Personal information
- Born: January 6, 1989 (age 37) Lancaster, Pennsylvania, U.S.
- Listed height: 6 ft 4 in (1.93 m)
- Listed weight: 261 lb (118 kg)

Career information
- High school: Coatesville Area (Coatesville, Pennsylvania)
- College: Georgia Tech (2007–2009)
- NFL draft: 2010: 1st round, 16th overall pick

Career history
- Tennessee Titans (2010–2018);

Awards and highlights
- First-team All-American (2009); ACC Defensive Player of the Year (2009); First-team All-ACC (2009);

Career NFL statistics
- Total tackles: 305
- Sacks: 44.5
- Forced fumbles: 5
- Fumble recoveries: 4
- Pass deflections: 26
- Stats at Pro Football Reference

= Derrick Morgan (American football) =

American football player (born 1989)

Derrick Lee Morgan (born January 6, 1989) is an American former professional football player who was a linebacker in the National Football League (NFL) for nine seasons with the Tennessee Titans. He was selected 16th overall by the Titans in the 2010 NFL draft after playing college football for the Georgia Tech Yellow Jackets.

==Early life==
Morgan was born in Lancaster, Pennsylvania. He attended Coatesville Area High School in Coatesville, Pennsylvania, where he played for the Red Raiders football team. As a senior he was named league Defensive Player of the Year and first-team All-State after recording 47 tackles and 7 sacks at the defensive end position. He also rushed for 523 yards and 8 touchdowns as a running back.

==College career==
Morgan attended the Georgia Institute of Technology from 2007 to 2009, playing for the Georgia Tech Yellow Jackets of the Atlantic Coast Conference. As a true freshman in 2007 he appeared in 12 of 13 games, recording 9 tackles as a reserve defensive end. The following year as a sophomore he started all 13 games, contributing 51 tackles and 7 sacks while earning an honorable mention All-ACC selection. As a junior in 2009, Morgan was named ACC Defensive Player of the Year and earned first-team All-American honors from Associated Press, Pro Football Weekly, and Scout.com. He finished the season with 55 tackles (including 18.5 for a loss) and 12.5 sacks while helping his team to a conference championship. After his junior year, Morgan decided to enter the 2010 NFL draft.

==Professional career==

Pre-draft measurables
| Height | Weight | Arm length | Hand span | 40-yard dash | 10-yard split | 20-yard split | 20-yard shuttle | Three-cone drill | Vertical jump | Broad jump | Bench press |
| 6 ft 3 in (1.91 m) | 266 lb (121 kg) | 34+1⁄2 in (0.88 m) | 9+3⁄4 in (0.25 m) | 4.79 s | 1.64 s | 2.75 s | 4.21 s | 7.12 s | 36.0 in (0.91 m) | 9 ft 10 in (3.00 m) | 21 reps |
All values from NFL Combine/Pro Day

===Tennessee Titans===
Morgan was selected 16th overall by the Tennessee Titans in the 2010 NFL draft. He signed a six-year contract on July 31, 2010, which also included playing time incentives that later voided the final year. He signed a second contract (4-year, $30 million) with the Titans on March 13, 2015, after fielding interest from multiple teams as a free agent.

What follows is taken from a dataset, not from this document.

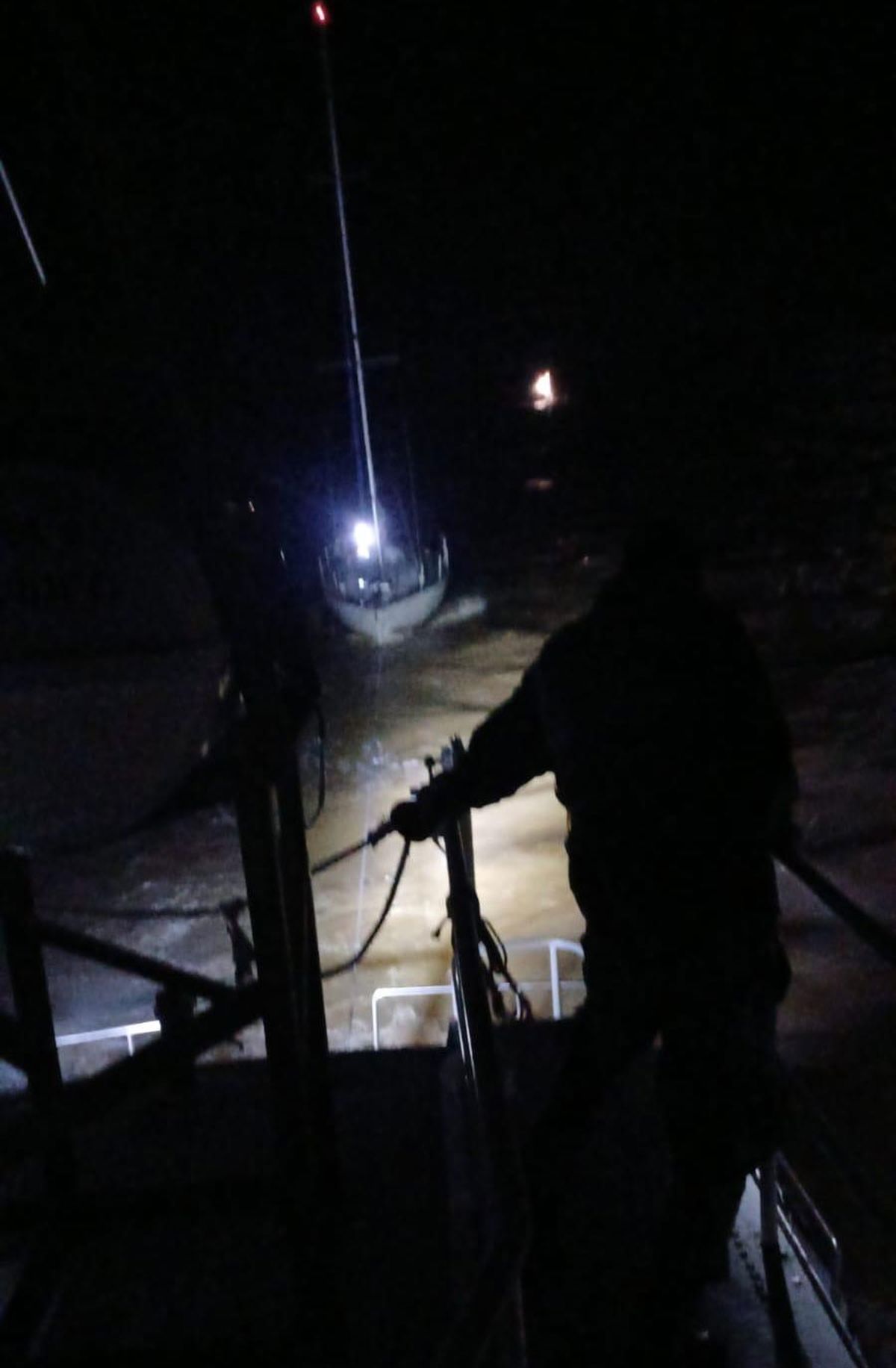 El velero debió fondear frente a la playa el Calabrés, en Colonia, el fuerte viento y oleaje que había en la zona. El temporal hizo que el fondeo cediera y los tripulantes comenzaran a descompensarse, por lo que hicieron el llamado de auxilio.

Morgan played at the 4–3 defensive end position his first four seasons with the Titans, then switched to outside linebacker in 2014 as part of the team's transition to a 3–4 defense. Morgan became a starter on the Titans defense during the 2011 season.

Morgan wore the uniform number 90 until changing to 91 prior to the start of the 2012 season.

====2010 season====
Morgan played in the 2010 season opener, registering a sack in his first NFL game. He suffered a torn left ACL during the fourth game, however, ending his rookie season.

====2011 season====
Morgan made his first NFL start on the seventh game of the 2011 season and remained a starter for the rest of the year. He led the team with 20 quarterback pressures. During the preseason he had arthroscopic surgery on his left knee but missed only the first regular season game.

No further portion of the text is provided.